A presença de múltiplos assentamentos na mesma região indica um padrão de ocupação regional, sugerindo que a urbanização em alta altitude não era exceção, mas parte de uma estratégia mais ampla.
Esse conjunto de evidências amplia o impacto da descoberta e reforça a necessidade de revisar modelos históricos sobre ocupação da Ásia Central.
Tecnologia moderna redefine limites da arqueologia e revela cidades onde ninguém procurava
O uso de tecnologias como o LiDAR tem permitido expandir significativamente o alcance da arqueologia, especialmente em regiões de difícil acesso. No caso de Tugunbulak, a tecnologia foi fundamental para revelar uma cidade inteira que permaneceu desconhecida por séculos.

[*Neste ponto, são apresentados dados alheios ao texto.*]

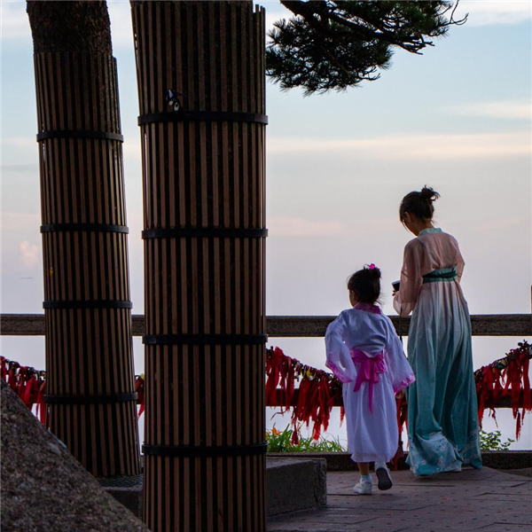 迎客松旁的高山酒店會提供專職攝影師拍照服務,著一身漢服以壯闊山川為景也是值得一試;你也可以參加中秋趣味活動,一起製作月餅、燈籠,一起賞月猜燈謎、投壺,一起觀看精彩中秋晚會,但若你喜歡安靜,那就點上一杯迎客松咖啡在網紅陽臺上體驗一次高山露天電影。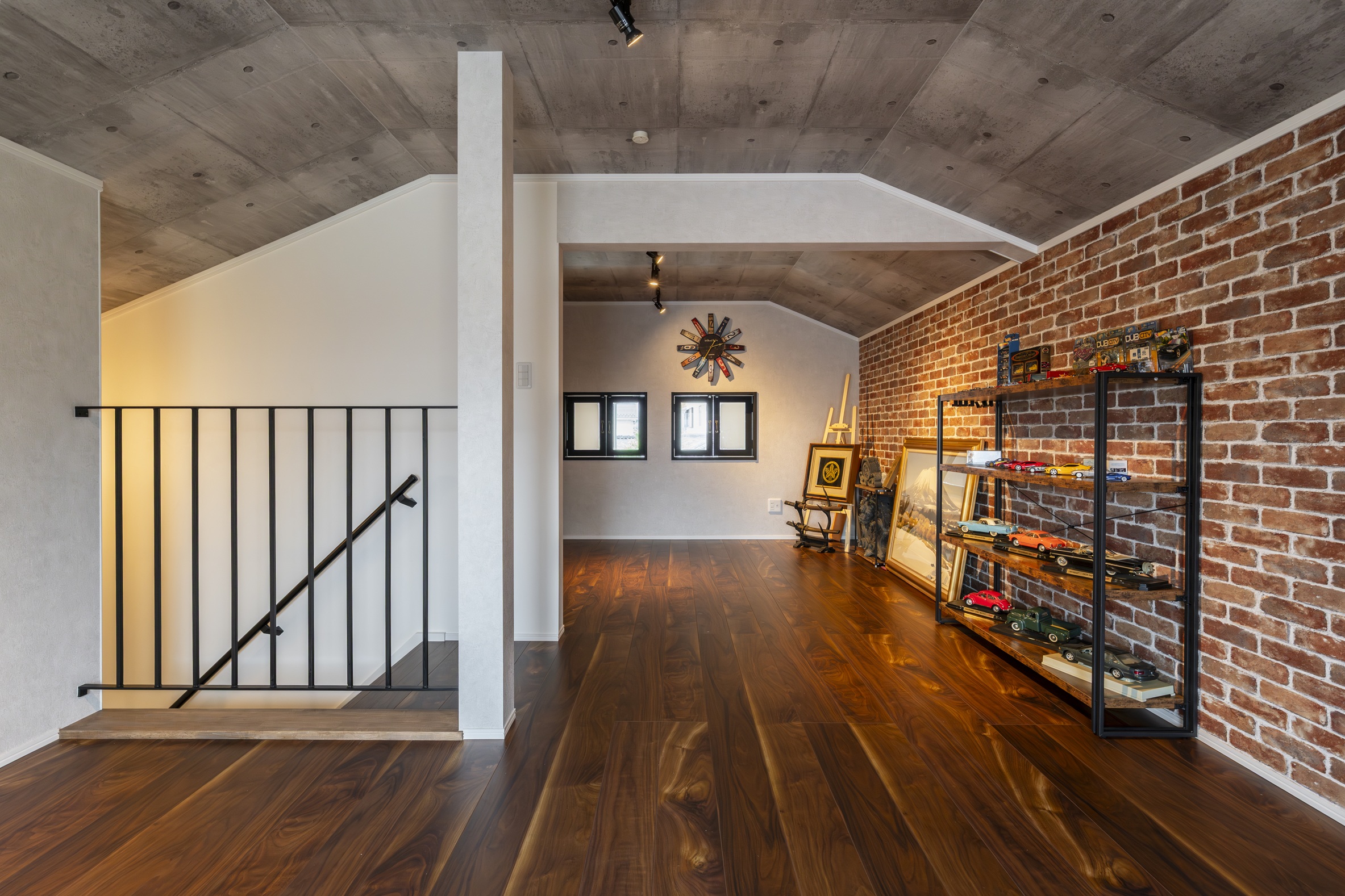 ご主人の趣味である旧車やインテリアが映えるよう、内装・外構ともに細部まで打合せを重ねています。

Esse avanço indica que ainda existem muitas áreas do planeta onde estruturas semelhantes podem estar ocultas, aguardando identificação por métodos mais avançados. A arqueologia, nesse contexto, passa a depender cada vez mais da integração entre tecnologia e pesquisa de campo.
O que mais pode estar escondido em regiões montanhosas ainda não exploradas?
A descoberta de uma cidade medieval de grande escala a mais de 2.000 metros de altitude levanta uma questão inevitável: quantos outros centros urbanos ainda permanecem ocultos em regiões consideradas improváveis para ocupação humana?
As evidências mostram que a história da ocupação humana ainda está longe de ser completamente compreendida, especialmente em áreas que não foram tradicionalmente priorizadas pela pesquisa arqueológica.
Diante disso, surge uma nova perspectiva: o mapa das civilizações antigas pode ser muito maior, mais complexo e mais surpreendente do que qualquer modelo atual consegue explicar. Agora quero saber sua análise: você acha que ainda existem cidades inteiras escondidas em regiões onde ninguém está procurando?